▶ [Supplied information]:
________________

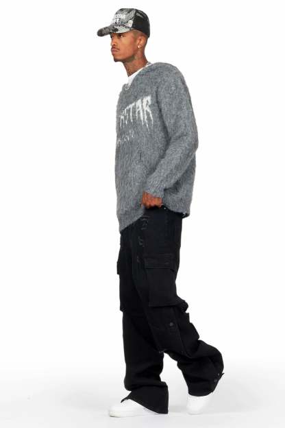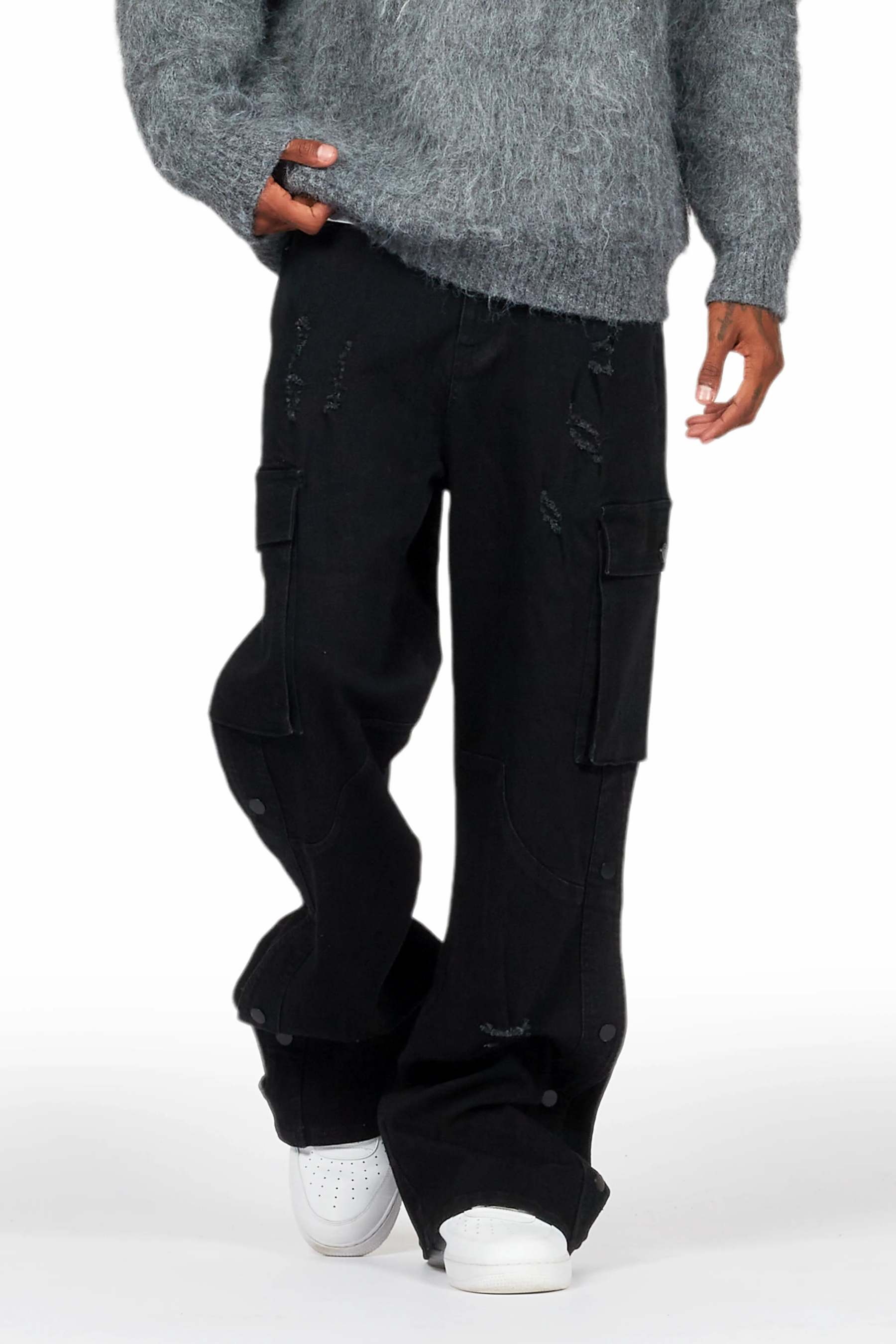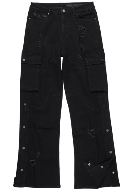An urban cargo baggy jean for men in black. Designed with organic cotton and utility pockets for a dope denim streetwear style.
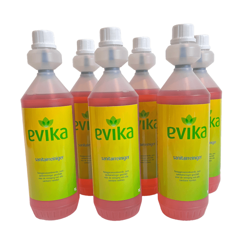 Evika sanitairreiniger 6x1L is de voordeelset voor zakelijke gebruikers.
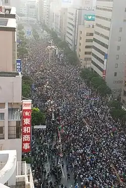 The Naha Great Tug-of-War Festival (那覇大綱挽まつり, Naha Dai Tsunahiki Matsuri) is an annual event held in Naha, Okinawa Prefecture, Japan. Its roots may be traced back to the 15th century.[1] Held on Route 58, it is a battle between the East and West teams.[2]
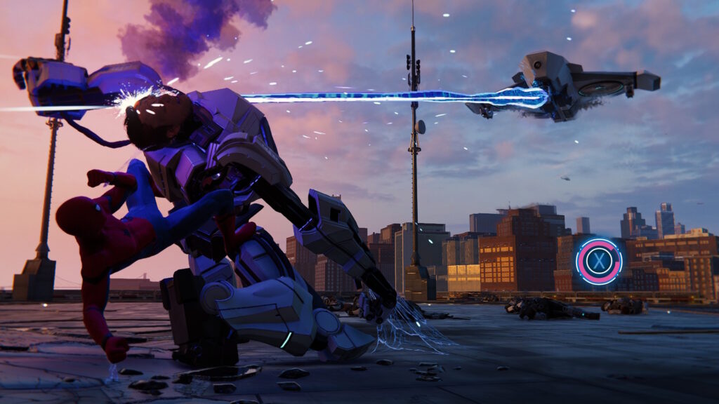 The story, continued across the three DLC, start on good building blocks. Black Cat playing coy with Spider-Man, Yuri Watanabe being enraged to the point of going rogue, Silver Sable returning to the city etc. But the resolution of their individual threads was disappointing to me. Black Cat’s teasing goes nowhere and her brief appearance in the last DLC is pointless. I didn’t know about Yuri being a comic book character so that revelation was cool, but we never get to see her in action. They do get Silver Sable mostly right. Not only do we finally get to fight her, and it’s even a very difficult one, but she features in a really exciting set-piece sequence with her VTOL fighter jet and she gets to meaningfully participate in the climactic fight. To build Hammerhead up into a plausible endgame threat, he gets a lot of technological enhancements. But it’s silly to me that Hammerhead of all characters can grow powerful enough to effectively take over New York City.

________________

▶ [Exercise directions]:
Please produce an exact copy of all the material, leaving out the pictures.

▶ [The answer]:
An urban cargo baggy jean for men in black. Designed with organic cotton and utility pockets for a dope denim streetwear style.
 Evika sanitairreiniger 6x1L is de voordeelset voor zakelijke gebruikers.
 The Naha Great Tug-of-War Festival (那覇大綱挽まつり, Naha Dai Tsunahiki Matsuri) is an annual event held in Naha, Okinawa Prefecture, Japan. Its roots may be traced back to the 15th century.[1] Held on Route 58, it is a battle between the East and West teams.[2]
 The story, continued across the three DLC, start on good building blocks. Black Cat playing coy with Spider-Man, Yuri Watanabe being enraged to the point of going rogue, Silver Sable returning to the city etc. But the resolution of their individual threads was disappointing to me. Black Cat’s teasing goes nowhere and her brief appearance in the last DLC is pointless. I didn’t know about Yuri being a comic book character so that revelation was cool, but we never get to see her in action. They do get Silver Sable mostly right. Not only do we finally get to fight her, and it’s even a very difficult one, but she features in a really exciting set-piece sequence with her VTOL fighter jet and she gets to meaningfully participate in the climactic fight. To build Hammerhead up into a plausible endgame threat, he gets a lot of technological enhancements. But it’s silly to me that Hammerhead of all characters can grow powerful enough to effectively take over New York City.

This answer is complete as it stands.